Le mariage mixte ne serait viable que si l’un des conjoints accepte de se fondre dans la culture de l’autre et de faire le sacrifice de son identité. Dans certaines familles maghrébines, le couple mixte est parfois mal accepté. Le barrage de la religion est le plus difficile à franchir. Quelques difficultés surgissent aussi après le mariage : le choix du prénom de l’enfant, sa religion, son éducation, la cuisine, comment communiquer avec la belle famille qui ne parle que l’arabe ou le berbère etc. Le mariage mixte engendre très souvent des situations difficiles, et parfois même des séparations et des divorces.
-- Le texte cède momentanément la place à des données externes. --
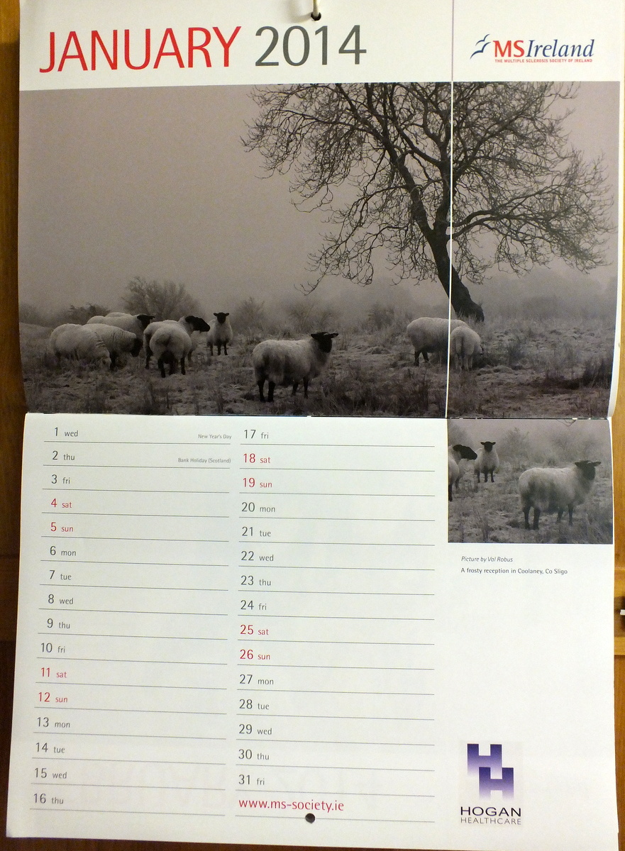 I got my copy of the MS Ireland 2014 calendar in the post today. I’m delighted to see my photo in it for January. Nice to see Coolaney, Sligo featured 🙂 It really is a lovely calendar with a lot of photos that I wish I’d taken. You can buy it online for €6.99 plus postage and you’ll be helping a very worthy cause.
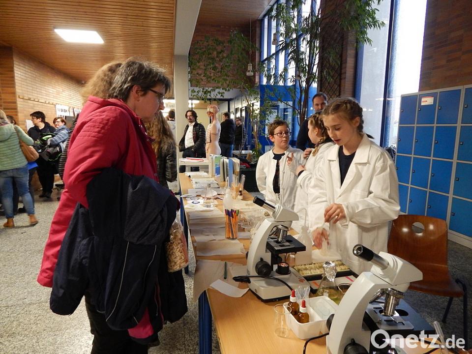 Nach der Eröffnung durch Schulleiter Christian Schwab wurden die zahlreichen Gäste in der Aula mit einem sehenswerten Ausschnitt aus dem aktuellen „Stück über das Wünschen“ des Unterstufentheaters auf den Nachmittag eingestimmt. Danach durften die Besucher zunächst auf eigene Faust durch die neu konzipierte „Messestraße“ schlendern und im Gespräch mit Lehrkräften und der Schulleitung einen ersten Eindruck des abwechslungsreichen Bildungsangebots gewinnen. Schnell war eine Stunde verflogen und ein Trompetensignal rief die interessierten Schüler zu den „Schnupperstunden“ in den Fächern Latein, Englisch sowie Natur und Technik.
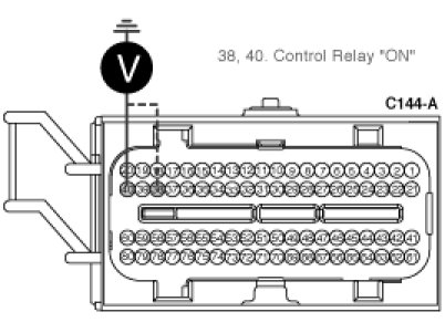 (2) Measure the voltage between terminal 38, 40 of PCM harness terminal and chassis ground.
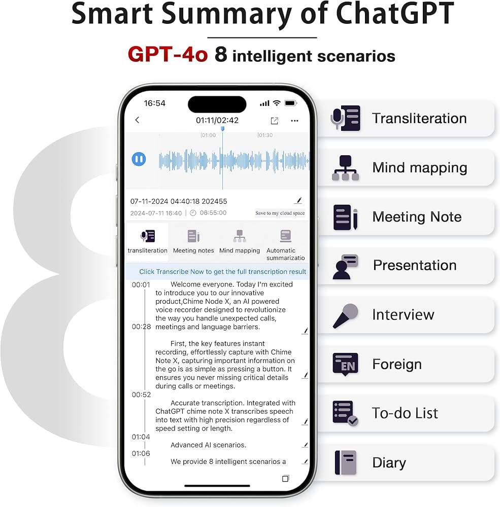 • وظيفة الذكاء الاصطناعي: نموذج لغة كبير للتدريب الذاتي، يتعرف بوضوح على 107 لغة، ويحول الصوت إلى نص، ومترجم، ووظيفة غرفة الدردشة. الوصول إلى نموذج الذكاء الاصطناعي المفتوح، ودعم ملخص النص الصوتي، والخريطة الذهنية، والملخص، وقائمة المهام، وتنظيم الكلام، والمساعدة في تعلم اللغة الأجنبية، والمقابلة، والمذكرات.

Aussi, les divorces chez les couples mixtes sont-ils aussi nombreux que chez les couples « homogènes ». Le choc des cultures est parfois trop brutal. Certaines familles maghrébines n’accueillent pas à bras ouverts cette belle fille venue d’ailleurs, qui ne parle pas leur langue, qui ne peut pas partager leur joie pendant les fêtes religieuses (le Ramadan, le Mouloud, l’Aïd El Kébir, Achoura...), qui refuse de porter le costume traditionnel (le caftan, la djellabah, les babouches...). Pendant les réunions familiales et les cérémonies, elles se sentent observées, dévisagées, parfois désahbillées du regard. Les différences culturelles et religieuses s’avèrent à la base de ces conflits et de ces désaccords. D’après un sociologue, les différences entre les partenaires dans le couple « mixte » sont plus « l’expression des différences entre les groupes qu’entre les individus ». D’autre part, nous constatons qu’actuellement, un nombre appréciable de jeunes filles maghrébines choisissent de se marier avec un conjoint étranger, mais aisé, profitant des possibilités matérielles pour mener une vie confortable et heureuse en faisant profiter toute sa famille. Certaines réussissent, mais difficilement, à faire embrasser à leur mari la religion musulmane. Le lourd silence qui pesait sur cette question a disparu. Un sociologue a dit : « Toute une complexité des différences a fait jour à travers la subjectivité de chaque partenaire, modelé elle-même par son niveau social d’éducation et aussi par la nature du rapport qui le lie plus ou moins fortement à son groupe et à celui de son partenaire. Aujourd’hui, les occasions de rencontre entre Marocaines et étrangers ne manquent pas, aussi bien à l’extérieur qu’à l’intérieur du pays.